Lidl should be using its loyalty trial to collect data

Lidl has launched a loyalty trial in Scotland but the discounter has been quick to distance itself from the idea it might be collecting data on those taking part. That is an error, according to loyalty experts.

Lidl’s test has seen the discounter send out 4 million “smarter shopping” cards to consumers across Scotland – either via direct mail, by giving them out at its Scottish stores or through newspapers. Starting on 20 August the campaign will run for 10 weeks.

In the first two weeks shoppers will be offered a saving of £5 when they spend £25, with the deals subsequently changing each week to offer for example discounts on specific products.

A Lidl spokeswoman is quick to point however that it isn’t a loyalty scheme as such because there’s no data collection and people don’t have to accumulate points.

“[Customers] can redeem the offer right there and then at the checkout. It’s an instant reward and there is no restriction on how many times you can use the card,” she says.
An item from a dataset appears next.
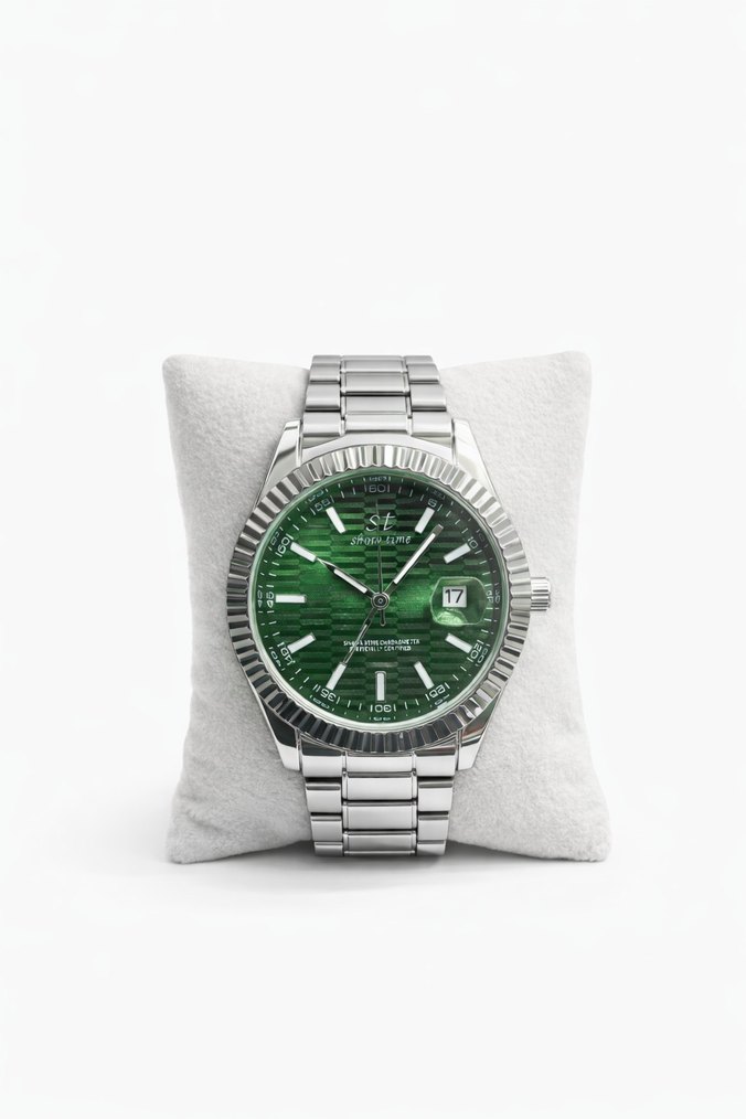 Canlı yeşil kadran ve gümüş metal kayışa sahip erkek saati, klasik ve modern tarzları bir araya getirir. Tarih göstergesi ve dokulu bezel bulunur. ⌚

Retail analyst Steve Dresser says the card should help Lidl reduce its reliance on newspaper vouchers and could help it offer a service similar to Waitrose’s myWaitrose card – where holders are offered a lower price at the till.

“Newspaper vouchers are still used by the discounters and they seem to like them, however they do attract customers who just use the voucher not necessarily gaining data or insight so whether it’ll go beyond is interesting,” he says.
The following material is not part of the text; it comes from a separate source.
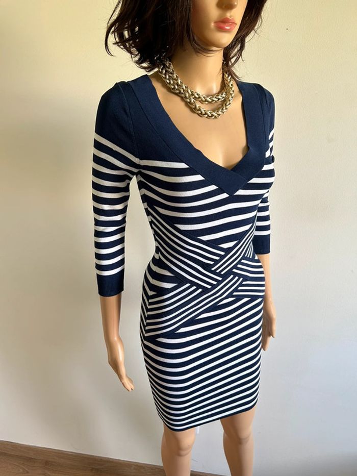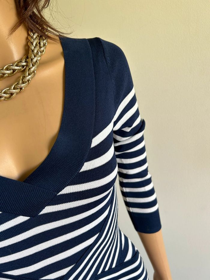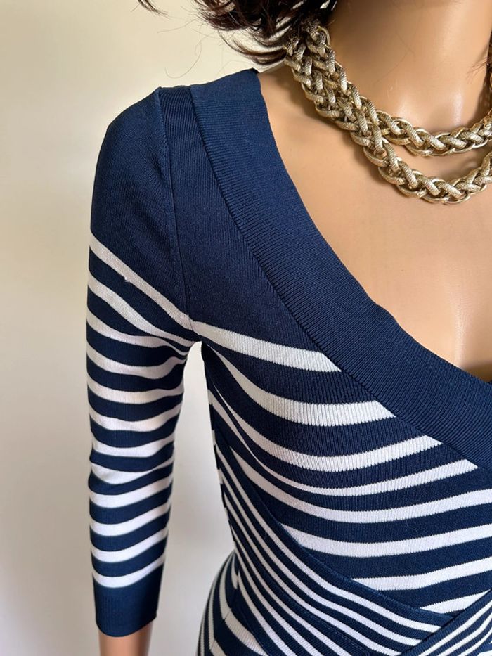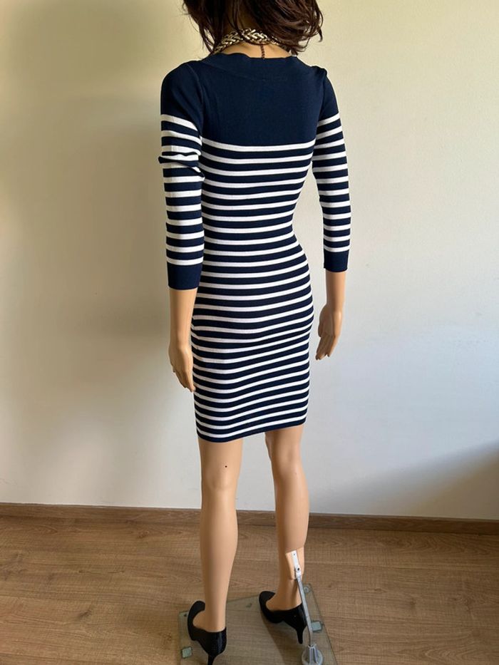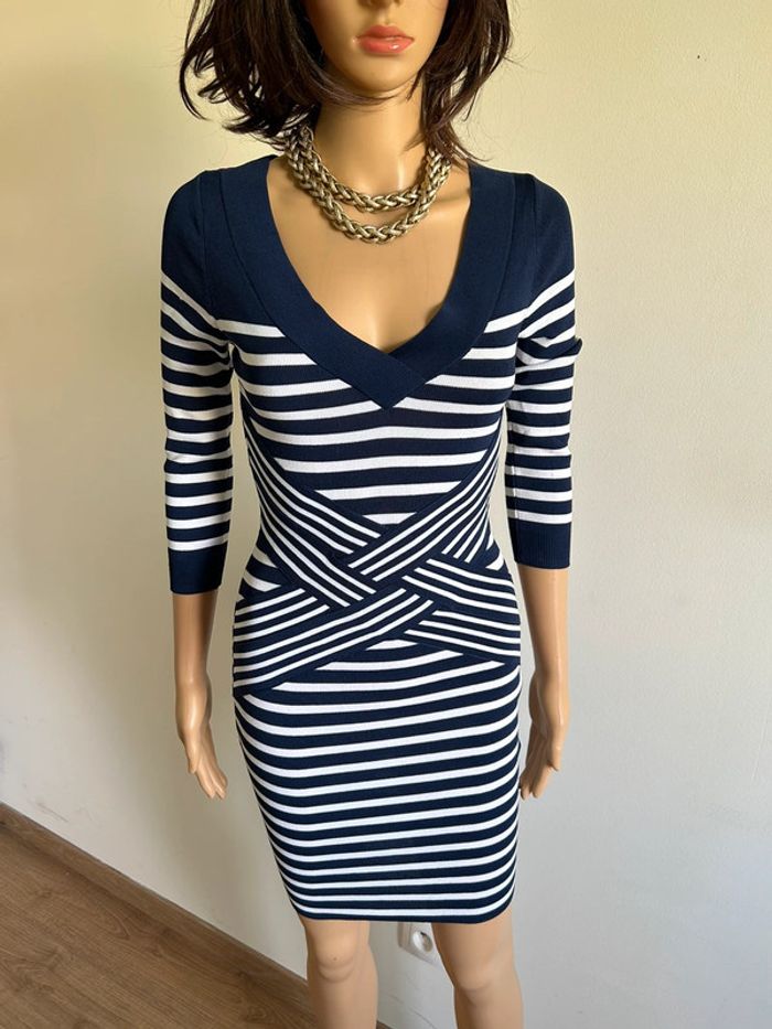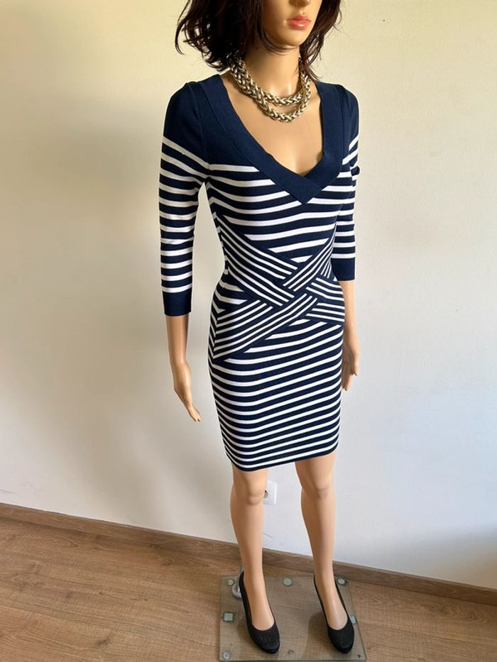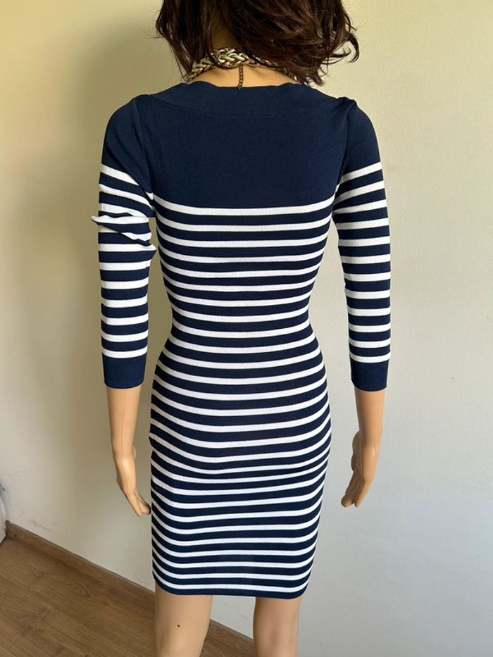 Magnifique robe bleue marine et blanche à rayures, de marque Morgan.

He also expects it to yield “some element of data” such as insights into what customers are buying to enable it to possible change the offers in future.

Mark Evans, general manager at loyalty specialists ICLP, believes the biggest issue is why Lidl has decided not to collect data given that all businesses, discounter or not, need to know as much about their customers as possible.

“Even for a discounter this ability to understand customer behavior and provide targeted incentives seems like a missed opportunity despite the need for an IT investment to support it. Without this the concept doesn’t seem scalable,” he adds.

Repositioning the discounters as ‘main shop’ destinations

The discounters are keen to position themselves as places where people can do their main shop, not just top-up shops on particular items. That comes as their growth slows.

While both Aldi and Lidl are both still seeing double-digit sales growth, that growth is coming down according to the latest figures from Kantar Worldpanel.

Lidl says one of the aims of the trial is to position it as somewhere people can do all their grocery shopping.

“The feedback so far has been phenomenal because it’s seen as an innovative way to reward our existing customer base as well as encourage new customers to try us as the supermarket that they can do their mainly weekly shop with,” says a spokeswoman.

Evans, however, believes the current iteration is unsustainable.

“It seems the core promotion is either trying to address the fundamental discounter challenge of how to become the ‘main basket’ versus the ‘top up’ shop or is an acquisition tactic to drive trial. Either way it seems a pretty blunt tool and as a short term test is overly generous if intending to measure potential customer response from a loyalty perspective,” he says.